Here is a way to do (2) (and hence (3)):

Let $X$ be a quasi-projective variety, i.e., $X=Y\setminus W$, where $Y,W\subseteq \mathbb P^n$ are (closed) projective varieties. Consider the irreducible decomposition $Y=\cup_i Y_i$ and observe that $I_W\not\subseteq \cup I_{Y_i}$ where $I_T\subseteq k[x_o,\dots,x_N]$ denotes the ideal of the set $T\subseteq \mathbb P^N$. Pick a homogenous polynomial $f$ of degree $d$ such that $f\in I_W\setminus (\cup_i I_{Y_i})$. Let $H=Z(f)$. Then $\mathbb P^n\setminus H$ is affine and hence so is $Y\setminus H$.

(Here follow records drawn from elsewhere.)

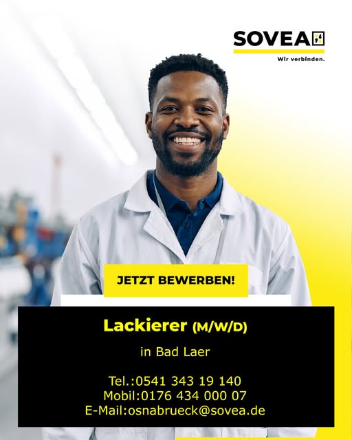 Wir suchen für unseren Kunden in Bad Laer einen Lackierer (m/w/d)! -Nur 1 Schicht -familiäres Arbeitsklima -sehr gute Bezahlung ...
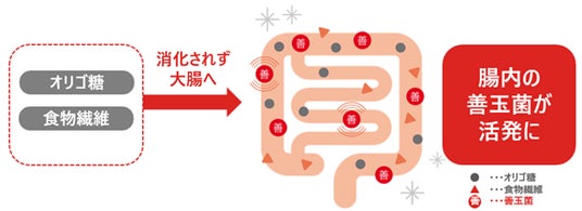 腸の中には「善玉菌」のほか、「大腸菌」などのさまざまな細菌が棲んでいます。このバランス(腸内細菌叢=腸内フローラ)が崩れると、便質や腸の健康に影響を与える原因になります。「プレバイオティクス」は善玉菌のエサになり、腸内細菌叢(腸内フローラ)を整えることにつながります。
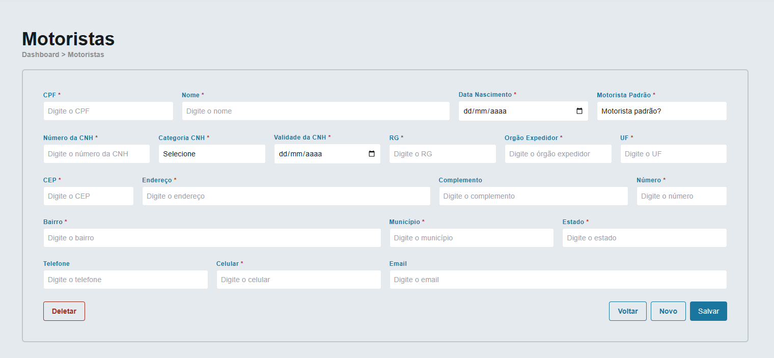 Mantenha os dados dos motoristas sempre atualizados, incluindo CNH, contatos e informações pessoais.
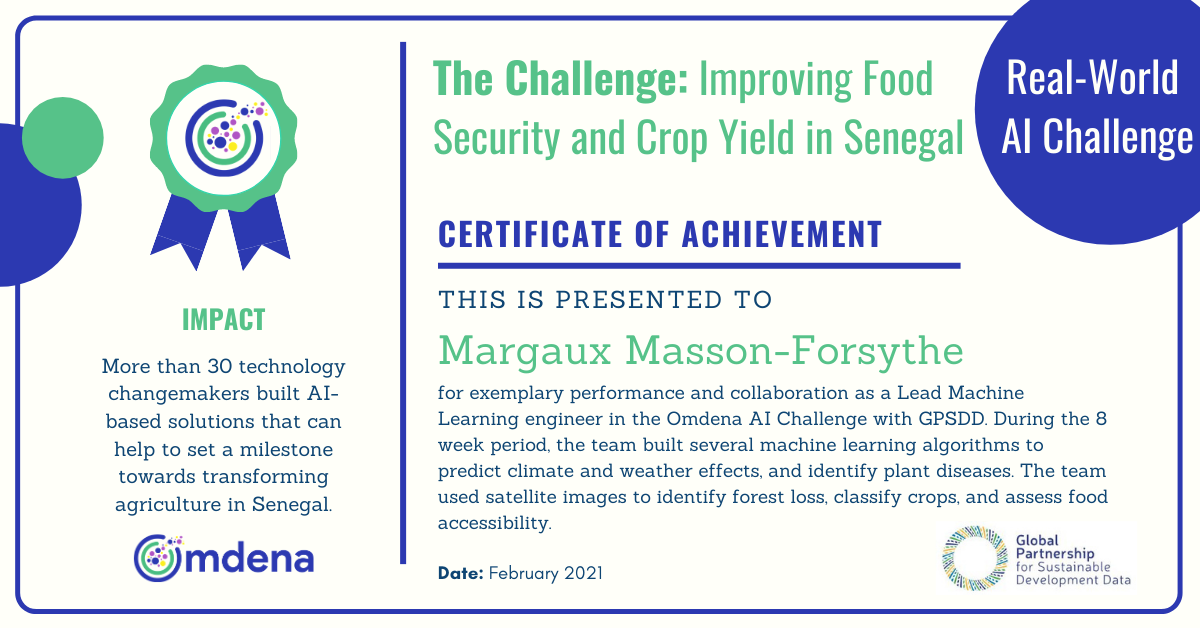 "Margaux Masson-Forsythe and Praveen Kanna did a great job facilitating the project progress using deep learning and remote sensing and thus got promoted to Lead ML engineers."
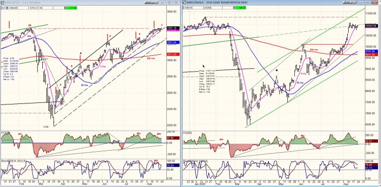 SPX-TRAN daily charts:
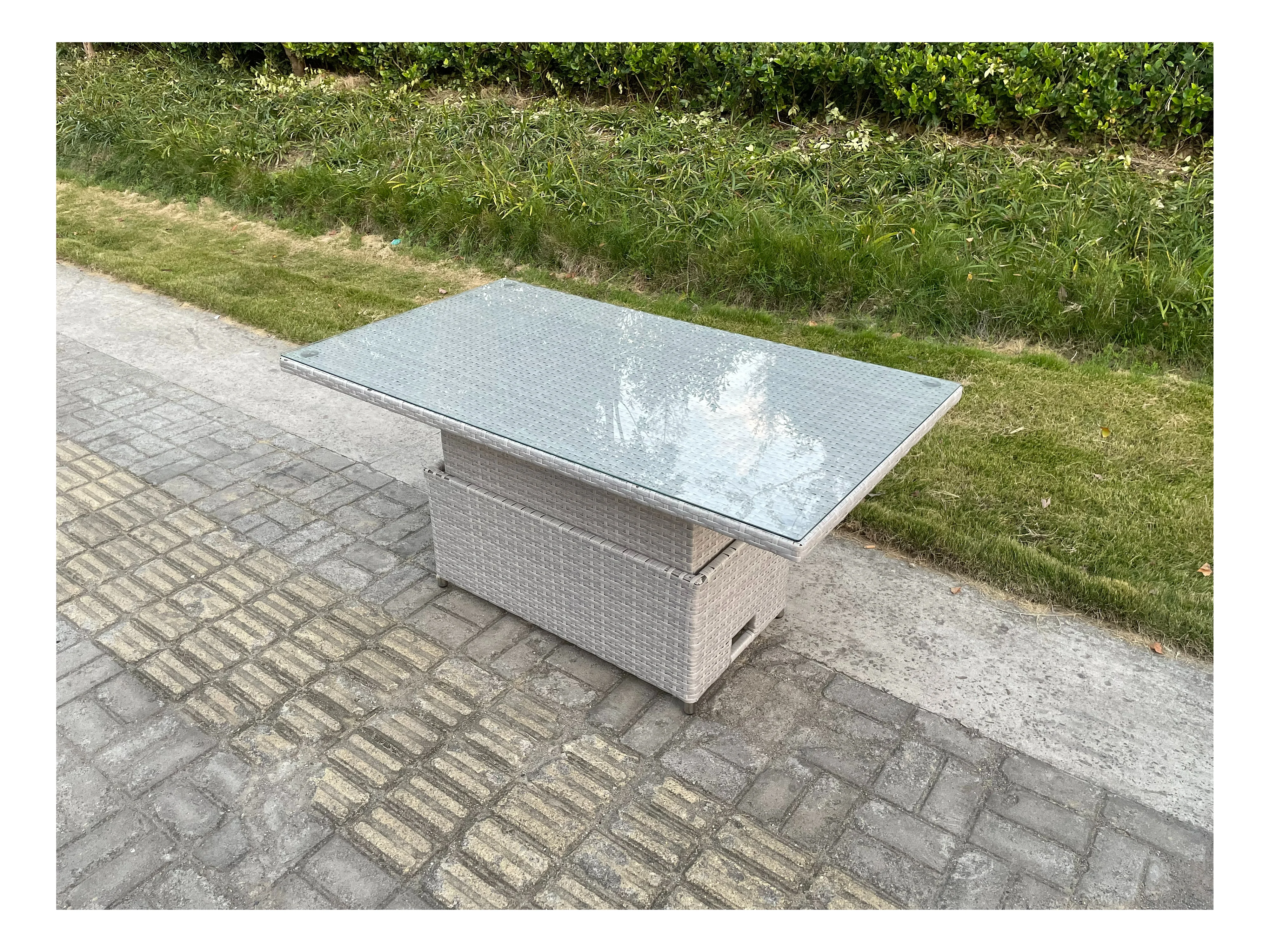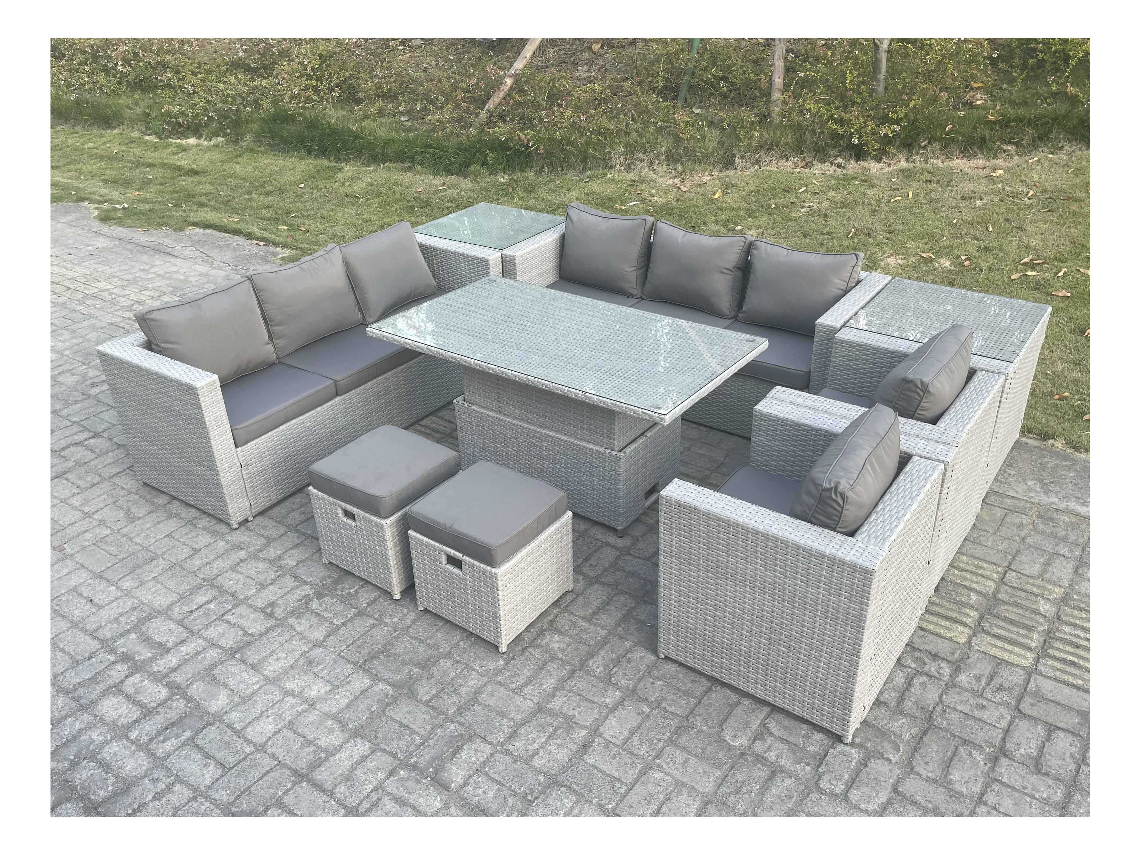Salon de Jardin Exterieur Table à manger réglable en hauteur ave canapé 2 Fauteuil 2 Table d'appoint Petit Tabourets Gris Clair
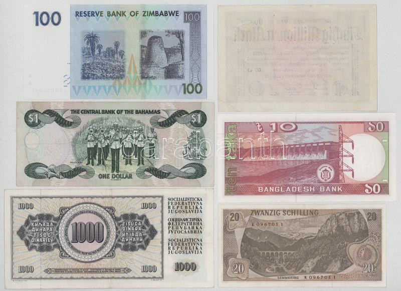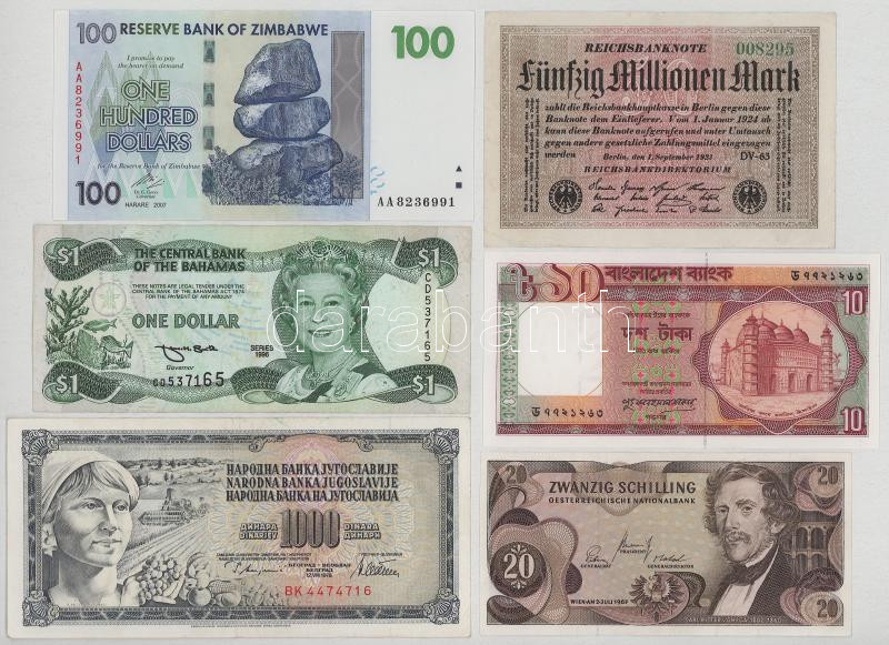 Vegyes, 6db-os bankjegytétel, benne: Ausztria, Jugoszlávia, Zimbabwe, Bahamák, Banglades, Német Birodalom T:vegyes
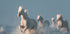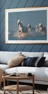 Uma fotografia poderosa dos cavalos brancos selvagens da Camargue, capturada enquanto galopam pelas ondas. Gotas de água brilham no ar, destacando sua força, movimento e espírito selvagem. Esta cena de tirar o fôlego expressa liberdade, energia e a beleza atemporal da natureza.
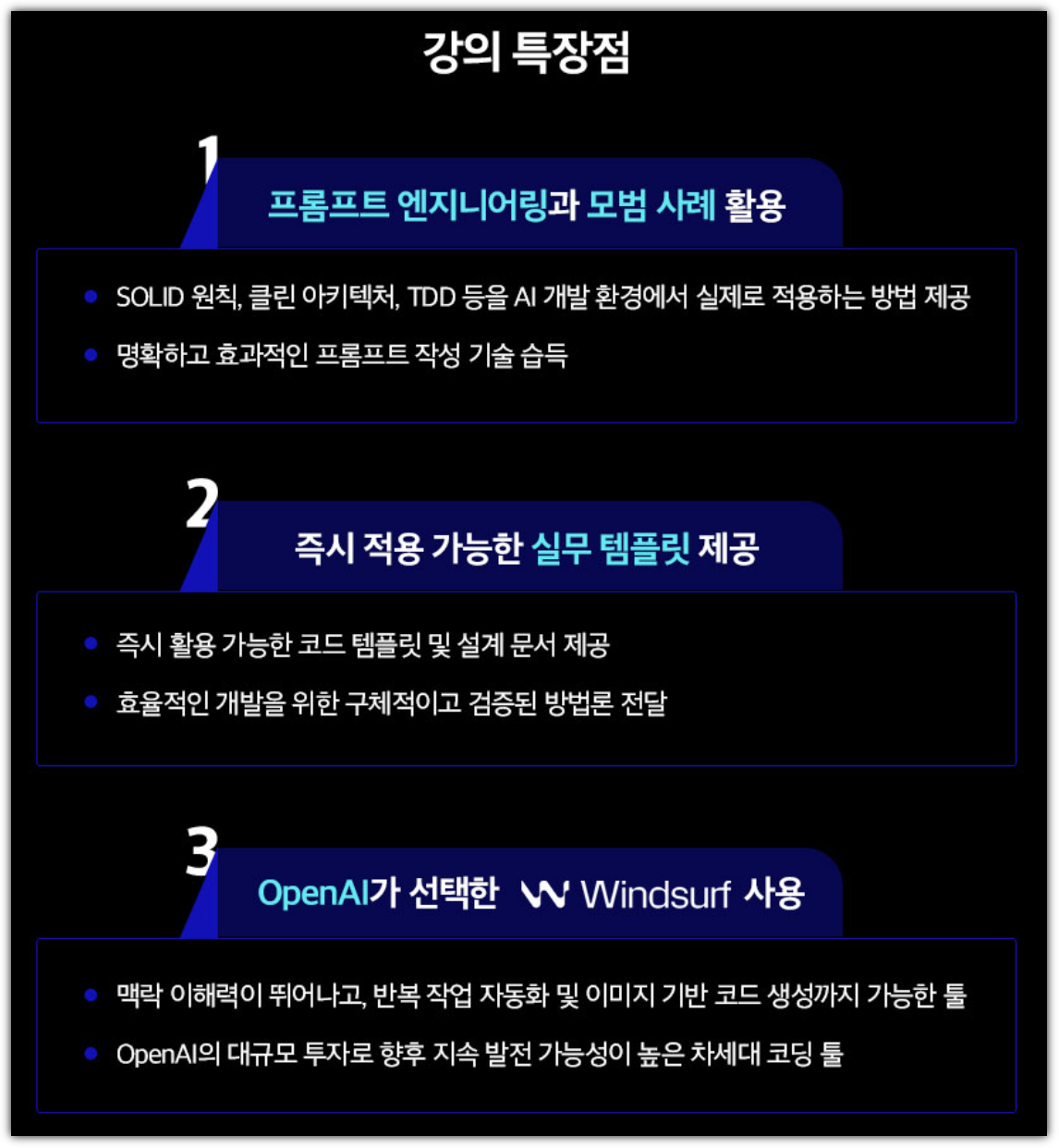 "핸즈온 바이브 코딩" 강의는 프론트엔드/백엔드/데브옵스/보안 4가지로 구성이 되어 있고,
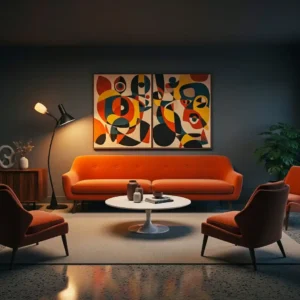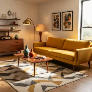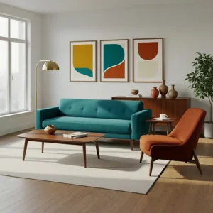 Keep surrounding elements simple so the colors stand out naturally. Incorporate wood finishes and brass accents to enhance the vintage vibe. The result is a dynamic yet harmonious space that reflects the bold creativity of mid century interiors.
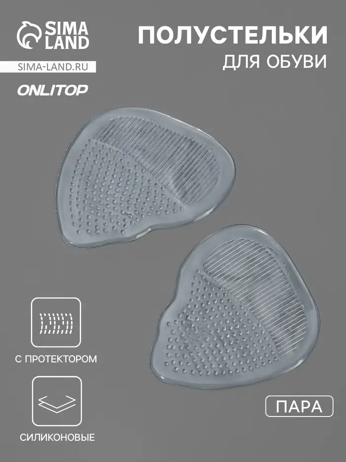 Полустельки для обуви, с протектором, силиконовые, 9.5×6.3 см, пара, прозрачные
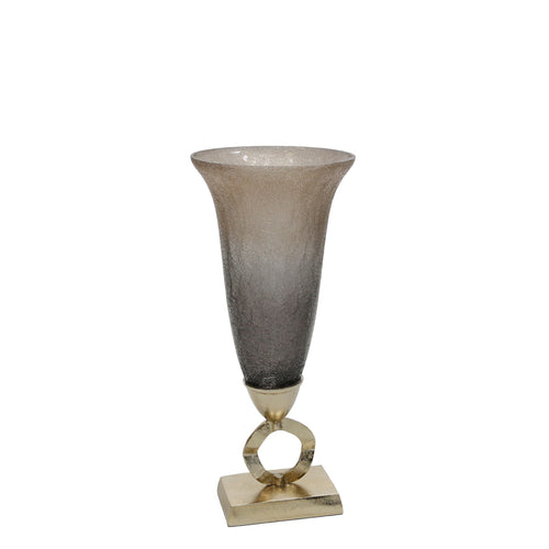 15254-01 GLASS 18"H VASE W/ ALUMINUM BASE, BRONZE/GRAY KD
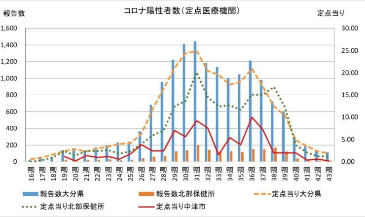 おはようございます。中津市議会議員の大塚正俊です。 さて、大分県は、43週(10月23日~10月29日)の新型コロナウイルスの感染者数が58定点医療...
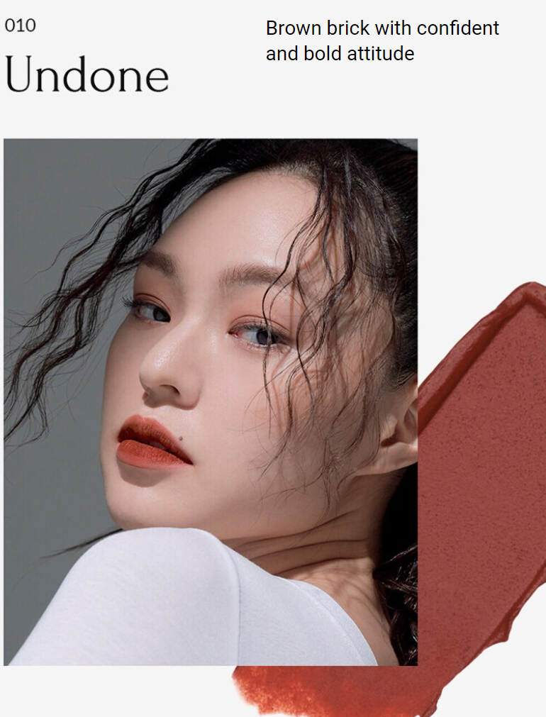 • 010 – Undone đỏ nâu: vừa năng động, tinh tế lại vừa thời thượng, nóng bỏng là một trong những đặc điểm của tone màu này. Vì thế mà nàng vừa có thể chọn để đi làm, đi học hoặc trong những dịp đi date cũng rất xinh xắn.

By construction $Y\setminus H\subseteq Y\setminus W=X$ and $H\not\supseteq Y_i$ for any $i$ by the choice of $f$. Therefore $\dim (Y_i\cap H)<\dim Y_i$ so we may use induction on $\dim X$. Notice that the affine subset is obtained as an affine subset of the ambient projective space intersected with our variety, so the affine varieties obtained subsequently are restrictions of affine subvarieties of the original $X$.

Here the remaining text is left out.